Furthermore, the use of YANG models eliminates the "regex nightmare" associated with parse_cli or parse_cli_textfsm. Because the data returned by netconf_get is structured XML, the parse_xml filter can convert it into a Python dictionary with absolute precision, removing the fragility associated with screen-scraping.
Community Support and Ecosystem Integration
Because ansible.netcommon is Red Hat Ansible Certified Content, it exists within a robust support ecosystem.

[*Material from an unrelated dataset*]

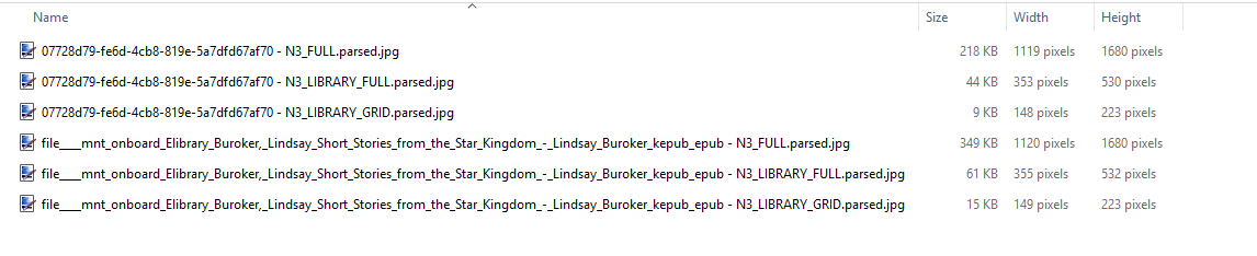 If I look at the .kobo-images directory on my KLC, each book has 3 images which for me show as shown in the image below (I renamed the files to *.jpg). These files are generated from the cover image during the import process. When I look at the details in device view of a book, I see the resolution corresponding to the N3_LIBRARY_FULL.parsed image. |
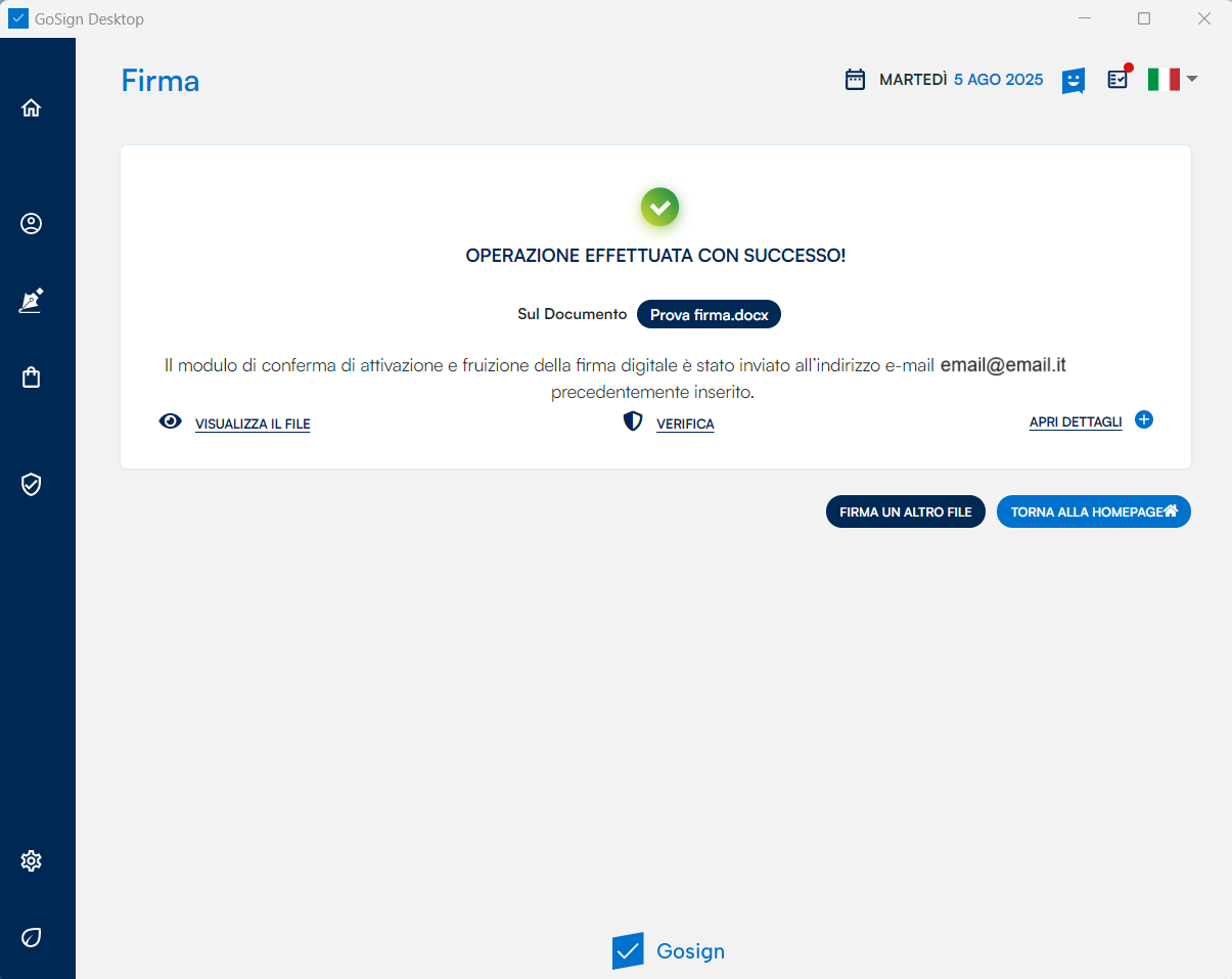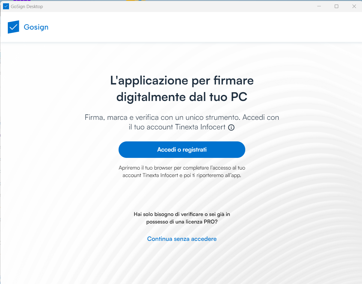 Una volta effettuato correttamente l’acquisto e l’associazione all’account desiderato, sarà possibile procedere con l’accesso a GoSign Desktop.

Users who encounter issues can leverage the Ansible Automation Platform (AAP) by using the "Create issue" button on the project's repository. For those using the community versions via Galaxy or GitHub, support is available through the Ansible Forum, specifically via posts tagged with network.
The Ansible Network Automation Working Group provides a collaborative space for enthusiasts and professionals to discuss the evolution of these tools. Additionally, the Ansible Bullhorn newsletter serves as the primary channel for announcing new releases and critical updates to the collection.
Conclusion
The ansible.netcommon collection, and specifically its implementation of the NETCONF protocol, provides the necessary infrastructure for professional-grade network automation. By moving away from the fragility of CLI-based interactions and embracing the structure of YANG and XML, organizations can achieve a higher degree of reliability and scalability in their network operations. The combination of the netconf_config module for atomic configuration changes and the netconf_get module for precise state verification creates a closed-loop automation system that is essential for modern software-defined networking. The integration of persistent connections, gRPC, and RESTCONF ensures that this framework is future-proof, capable of supporting both the legacy hardware of today and the API-driven hardware of tomorrow.